All three low-cost discount carriers have aggressively invaded USAir's stronghold. While the race for Florida has meant more flights and even lower fares for consumers, it also spells trouble for higher-cost USAir.
While Florida has always been a highly competitive market, the entry earlier this year of the successful and highly focused Southwest Airlines changed the picture dramatically. In addition, Delta Air Lines just recently launched a discount express service to Florida. And ValuJet, which was grounded by the Federal Aviation Administration, is once again flying there.
Boosting demand for the popular Florida flights is the transformation of the Sunshine State from a seasonal tourist attraction to a fast-growing business stronghold.
"It's not just senior citizens and Mickey Mouse tourists," said Jay Hierholzer, associate administrator for marketing and development at Baltimore-Washington International Airport. "Planes out of here are full of laptops and business suits, too."
Yet the rush by discount airlines -- and smaller ones like Kiwi, East-wind and Carnival -- to serve Florida underscores USAir's dilemma. Once again, the carrier must keep prices low to stave off low-cost competition.
In the short run, USAir can match the $69 one-way fares, much as it did CalLite's bargains to Boston. But it can't do that forever -- especially if the competition is Southwest Airlines.
"They stayed in the game and outlasted Continental Lite, but it's hard to outlast a Southwest because they outlast everybody else," said David Stempler, president of Air Traveler Advisers Inc., a Washington consulting firm.
"This highlights the whole thing that Steve Wolf has been talking about," Stempler said. "USAir has to find a long-term solution to its cost problem."
USAir controls roughly a fifth of the Florida market, second only to Delta Air Lines. About 7.9 million, or 12 percent, of its 66.2 million annual passengers are Florida travelers.
"We have had a major investment in the Florida market for a number of years," said Richard M. Weintraub, a spokesman for the Arlington, Va.-based carrier, which handles nearly half the 31,000 daily passengers at BWI.
Because Florida historically has been a leisure market with low fares, yields there always have been relatively low -- no more than 8 percent of USAir's overall revenues, according to analysts. Still, the vast number of travelers is important to any East Coast carrier.
But, depending on future moves by Southwest and others, USAir, with the highest costs in the industry, ultimately could start losing money in the marginally profitable market.
"USAir will have to decide whether it wants to be a major player in a marketplace where it may not be able to make money." said Michael J. Boyd, president of Aviation Research Systems, an airline consulting company based in Golden, Colo.
"It will lose market share, but the name of the game is profit share," Boyd said. "It can't be Southwest."
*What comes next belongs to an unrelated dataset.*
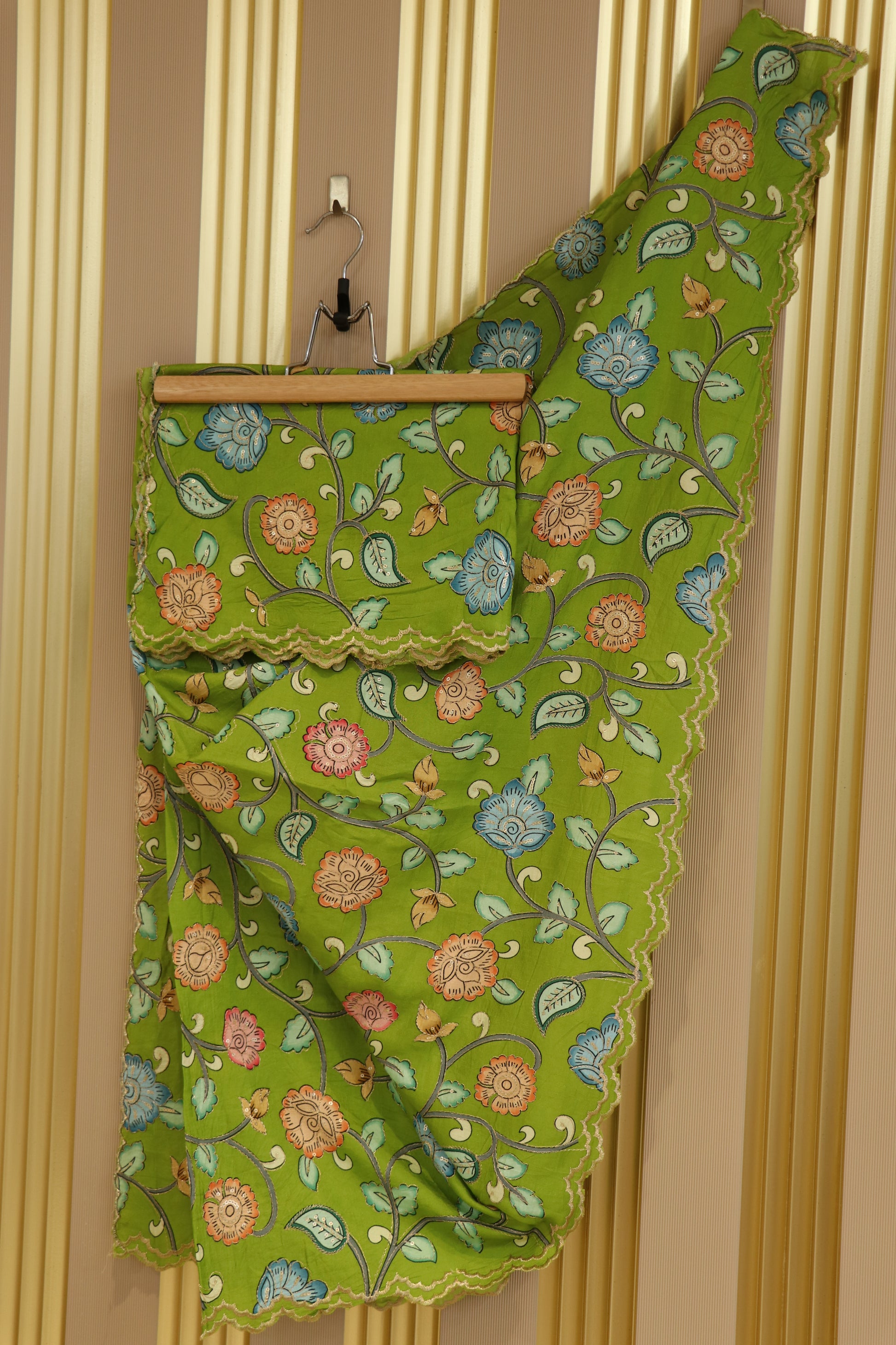 Dola silk digitally printed kalamkari highlighted with zari thread,sequins and scalloped zari embroidery,perfect for pairing with kurtas,salwar suits,lehengas and more.

Efforts to compete with low-cost carriers have prompted discussions by USAir with its union leaders about a new express operation, similar to Delta Express.
However, USAir's ability to launch a low-cost airline-within-an-airline is contingent on reaching agreements with pilots, flight attendants and mechanics, much the way Delta and United Airlines did before starting their low-cost, express services.
"We do have a cost problem that must be addressed," Weintraub said.
The latest Florida price war -- which has driven business fares down along with leisure prices -- began in January when Southwest entered the market with flights to Tampa and Fort Lauderdale.
In April, the Dallas-based carrier added Orlando, and it plans to expand service to Jacksonville in January.
"Florida was so ripe for a Southwest kind of operation," Stempler said. "It's a solid market with a growing economy."
Not only has Southwest added flights to Florida, it also has initiated intrastate jet service. In contrast, USAir has replaced its intrastate jet fleet with less expensive turboprops in order to cut costs.
Often, the entry of low-fare airlines into a market, such as Baltimore to Orlando, stimulates traffic for all carriers. But if USAir is forced to keep its fares low to meet its competition, even a substantial boost in traffic may not be enough to offset the loss of revenues.
Besides, Stempler and others say, there will be other Floridas.
"It's just an example of the world to come for USAir," he said.